# Information shown
'''
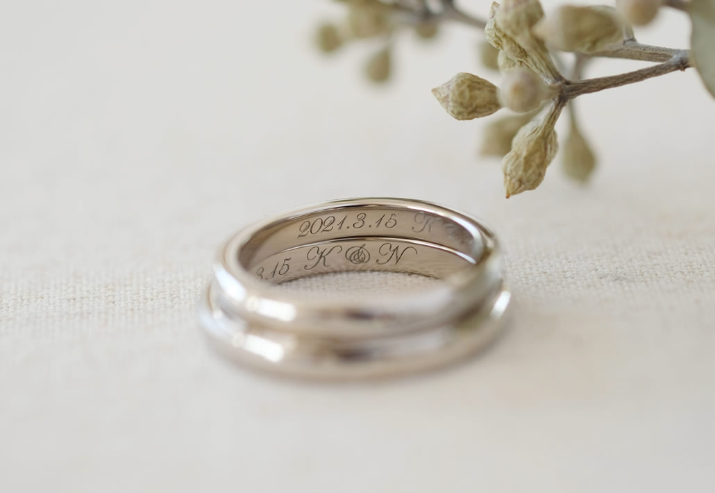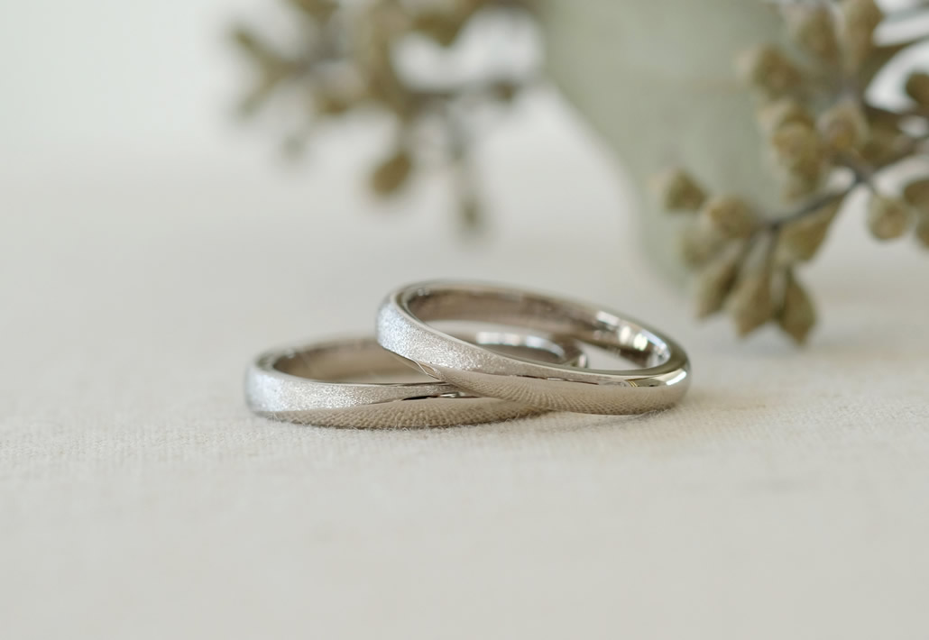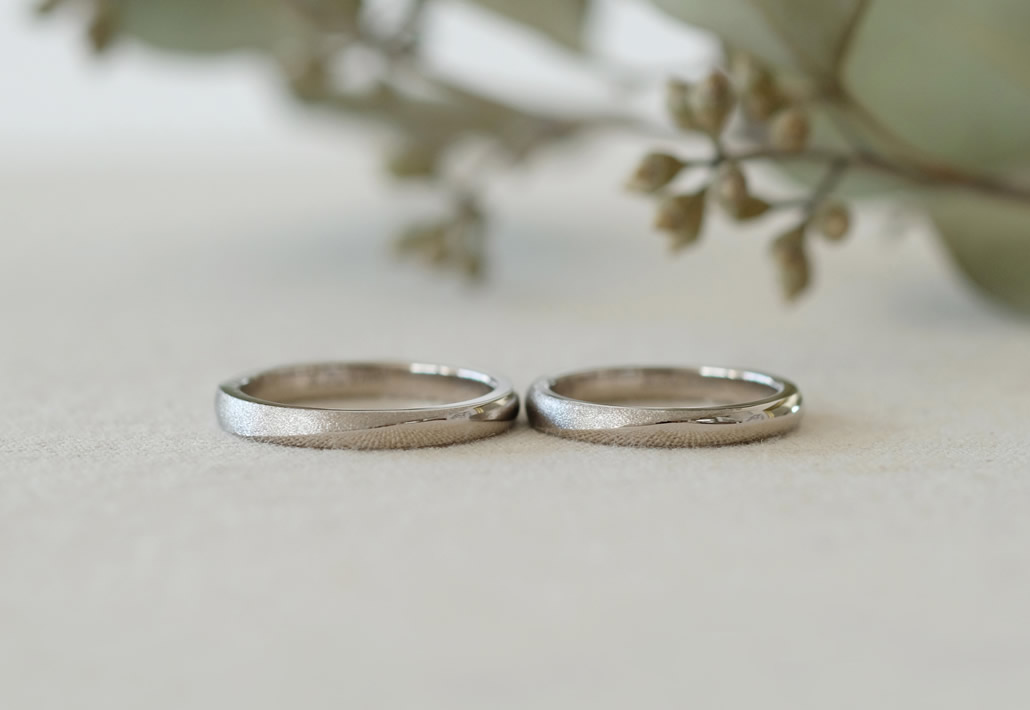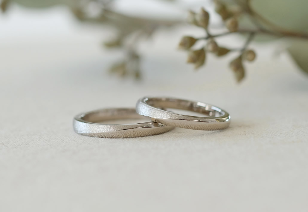 鏡面とマットの切り替えを取り入れることで、見る角度で印象が変わり、ホワイトゴールドの落ち着いた印象を楽しめる結婚指輪となりました。
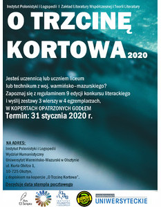 Regulamin dziewiątej edycji „Konkursu Literackiego o Trzcinę Kortowa”
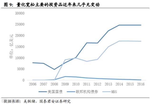 具体来看,美联储的资产主要投资于美国国债及MBS(抵押支持债券),此外也有少部分投资于机构债,主要是房利美和房地美的债券。2014年到2016年末,这三项资产的数额就几乎没有变动过。
'''
# Activity
Repeat the listing above exactly, with no pictures.

# Task result
 鏡面とマットの切り替えを取り入れることで、見る角度で印象が変わり、ホワイトゴールドの落ち着いた印象を楽しめる結婚指輪となりました。
 Regulamin dziewiątej edycji „Konkursu Literackiego o Trzcinę Kortowa”
 具体来看,美联储的资产主要投资于美国国债及MBS(抵押支持债券),此外也有少部分投资于机构债,主要是房利美和房地美的债券。2014年到2016年末,这三项资产的数额就几乎没有变动过。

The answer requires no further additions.